CofK at DH2010 and the Royal Society

Our poster and stand at DH2010.

Presenting at the Royal Society.

Cultures of Knowledge headed to London last weekend as the Project Director and Coordinator braved thirty-degree metropolitan temperatures to share the Project’s research at two events. At Digital Humanities 2010, the flagship annual meeting of the digital humanities community hosted this year by King’s College London, we presented a poster, which focused mainly on our union catalogue and its technical underpinnings. We received very useful feedback and discovered and made connections with some highly complementary projects, including the initiative discussed below. Meanwhile, at the kind invitation of our collaborator Mark Greengrass, Howard Hotson co-delivered a keynote address at Circulating Ideas in Seventeenth-Century Europe: Networks, Knowledge, and Forms, a conference at the Royal Society organised by Ruth Connolly (University of Newcastle), Felicity Henderson (Royal Society), and Carol Pal (Bennington College).
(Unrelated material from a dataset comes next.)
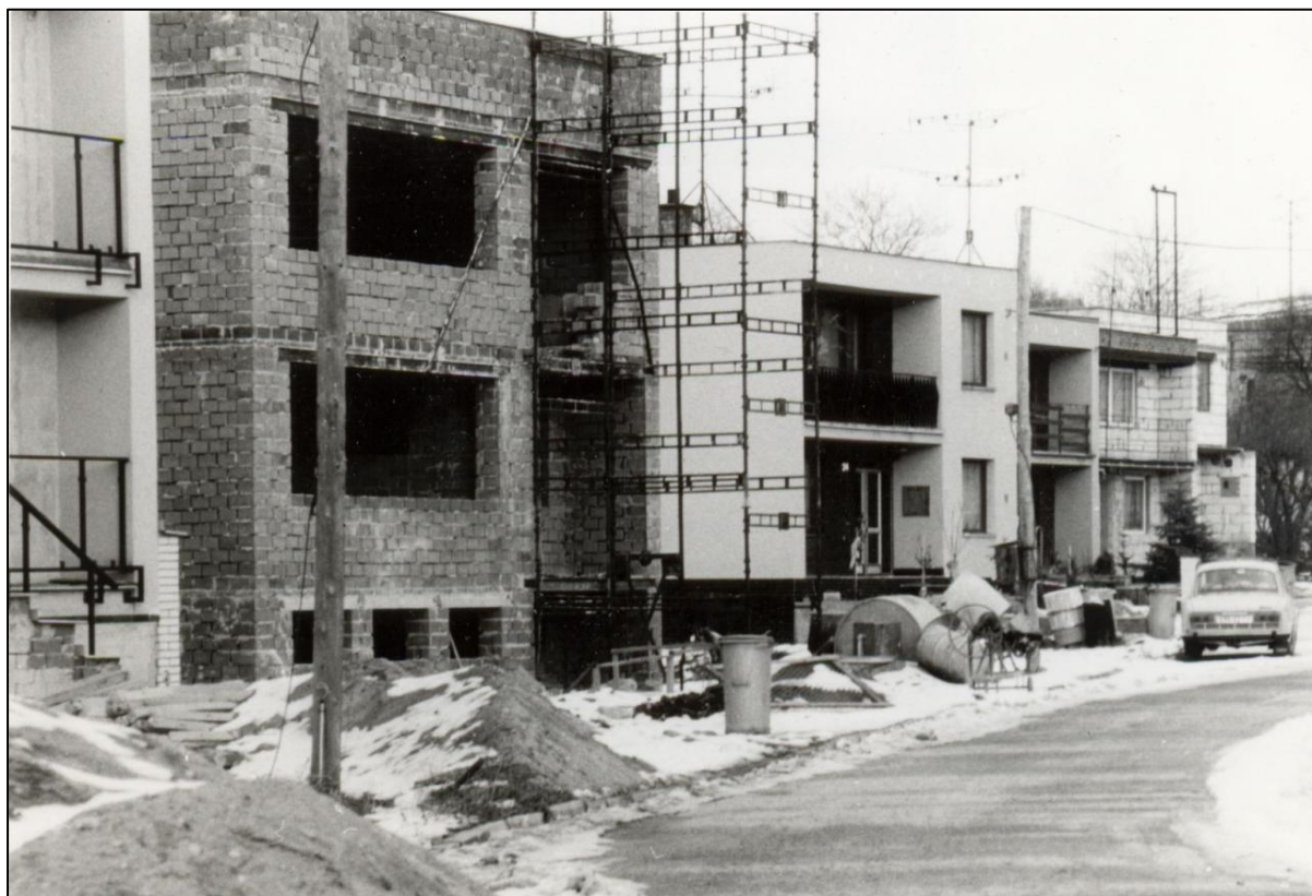
Ulice Na Rybníkách.

Building on Mark’s overview of Hartlib’s significance as an intelligencer and the trials and tribulations of the Hartlib Papers Project, Howard used a description of the place of Hartlib and his letters within Cultures of Knowledge as the basis for a more general overview of the Project and its aspirations, especially within the digital sphere.

Download the poster presented at DH2010

Article: Paul Egard’s Unanticipated Millennium

Detail from 'Death on the Battlefield', by Stefano della Bella (c.1648). Image courtesy of Leigh Penman.
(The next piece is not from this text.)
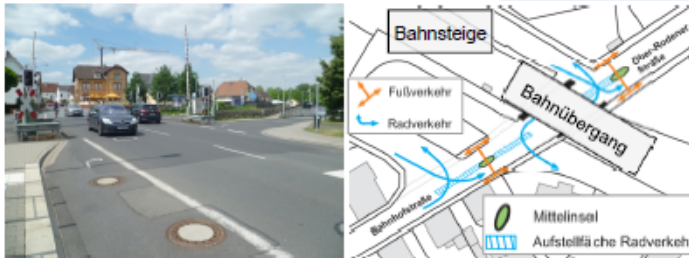
Bahnübergang Bahnhofstraße/ Ober-Rodener Straße (links) und Prinzipskizze für Querungsmöglichkeiten südlich und nördlich des Bahnübergangs (rechts, Foto und Skizze LK Argus)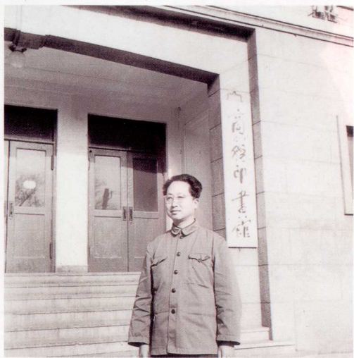
1979年 北京 王府井大街

Dr Leigh Penman, our Samual Hartlib Postdoctoral Fellow, has published an article entitled ‘The Unanticipated Millennium: Orthodoxy, Heterodoxy and Chiliastic Error in Paul Egard’s Posaune der goettlichen Gnade und Liechts (1623)’ in Pietismus und Neuzeit 35 (2009), 11–45. The article situates Egard and his unusual devotional work within several contexts (biographical, literary, and church historical), and problematizes contemporary distinctions between heterodoxy and orthodoxy. Although Egard was a well-regarded Lutheran pastor, the content of Posaune was decisively influenced by his familiarity with heterodox literature of the period, as well as his personal acquaintance with figures such as Joachim Morsius, Hans Engelbrecht, Nicolaus Teting, and others. Egard’s case demonstrates the power some heterodox ideas (specifically millenarian ones) possessed during this period, as well as the influence of networks of heterodox thinkers.